SAN FRANCISCO — The modest cash grant Iguehi James received from the Oakland African American Chamber of Commerce helped the clothing designer defray costs, including surge prices on elastic and fabric that jumped dramatically due to the pandemic.
The application process was simple and she qualified for a $5,000 “resiliency” grant, despite being a solo practitioner with no employees or storefront.
Along with the fiscal help, the grant reminded the 38-year-old novice entrepreneur that she is part of a community with a tradition of mobilizing to help members in times of distress.

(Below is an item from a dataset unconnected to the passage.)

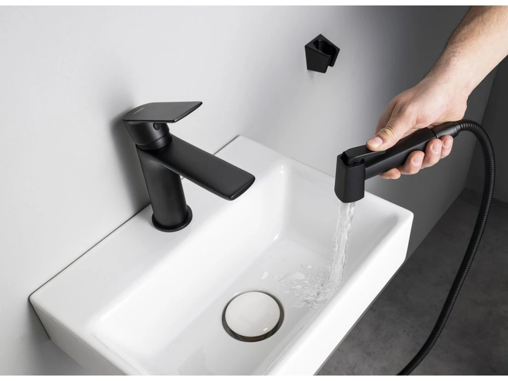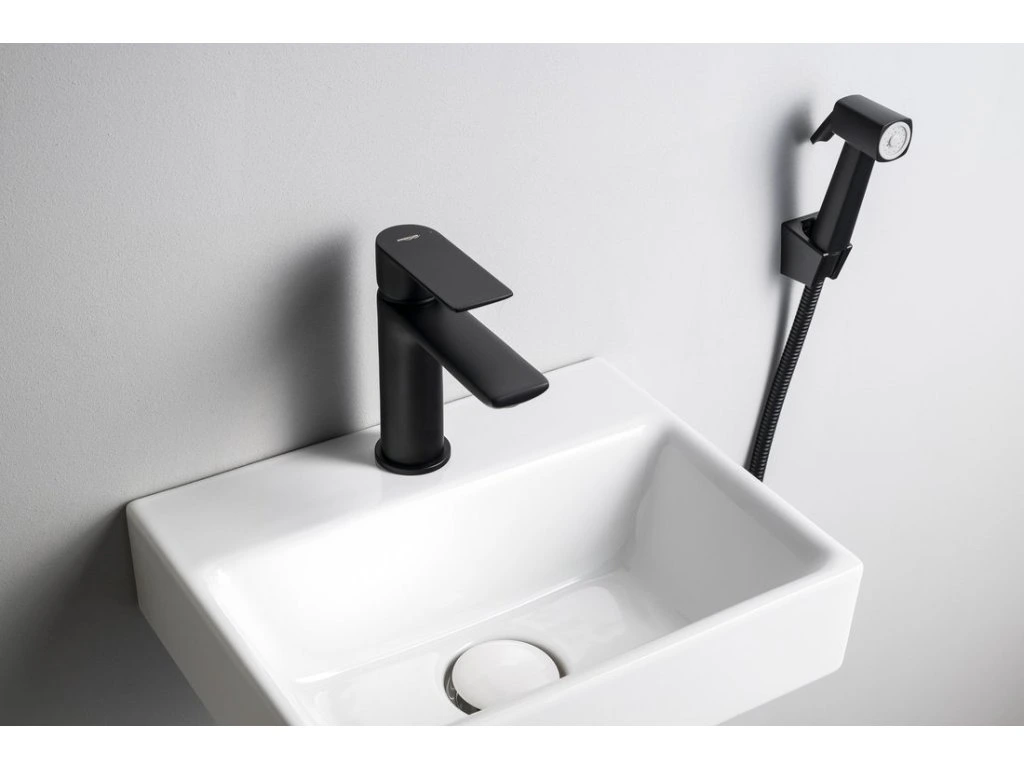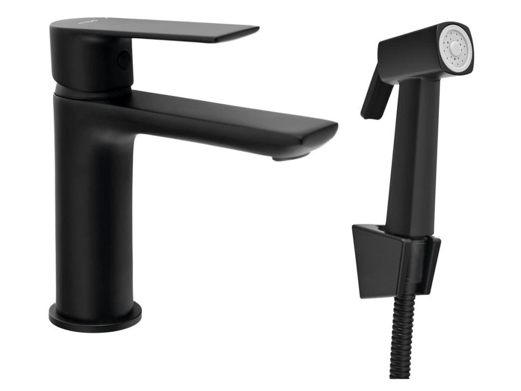 Aqualine Umývadlová stojánkova batéria s bidetovou sprškou, čierna SK401B

“We’ve been denied opportunities, we’ve had to work really hard to get to where we are,” said James, who lives in Oakland, California. “When you have other people who know the struggle, know the plight, know how hard it is to be valued … to be seen, you just feel like you have a community.”
The chamber announced this summer that it had raised $1 million for its fund to help Black-owned businesses. It’s one of several launched in the U.S. since the pandemic began closing businesses and schools, and it’s a nod to the difficulty that Black businesses have in landing bank loans and the disproportionate impact the virus has on African American families.
Elsewhere, female Black civic leaders in Washington state unveiled the Black Future Co-op Fund in June to address damage created by systemic racism. The Black Resilience in Colorado Fund aims to help people in the Denver area.
Perhaps the most astonishing grass-roots effort has been in Portland, Oregon, where organizers have raised more than $1.7 million for Black residents of the city that has been in the national spotlight for its nightly protests against police brutality. The Black Resilience Fund has helped nearly 3,000 residents with groceries, utility bills, student loans and rent, according to its GoFundMe page.
Cathy Adams, an event planner and president and CEO of the Oakland African American Chamber of Commerce, said discussions about its fund began in late April as small businesses struggled to get help from the federal government’s paycheck protection program. Phone calls from hurting business owners broke Adams’ heart.
Meanwhile, the police killing of George Floyd in Minneapolis in May further underscored the inequities faced by African Americans in work, wealth and health.
“This resiliency fund? This is nothing but love,” Adams said.
Aaron Bryant, a curator with the National Museum of African American History and Culture in Washington, D.C., says the funds are reminiscent of the benevolent societies that began appearing in New Orleans and Philadelphia in the late 1700s to aid Black people in times of illness, death and other hardships.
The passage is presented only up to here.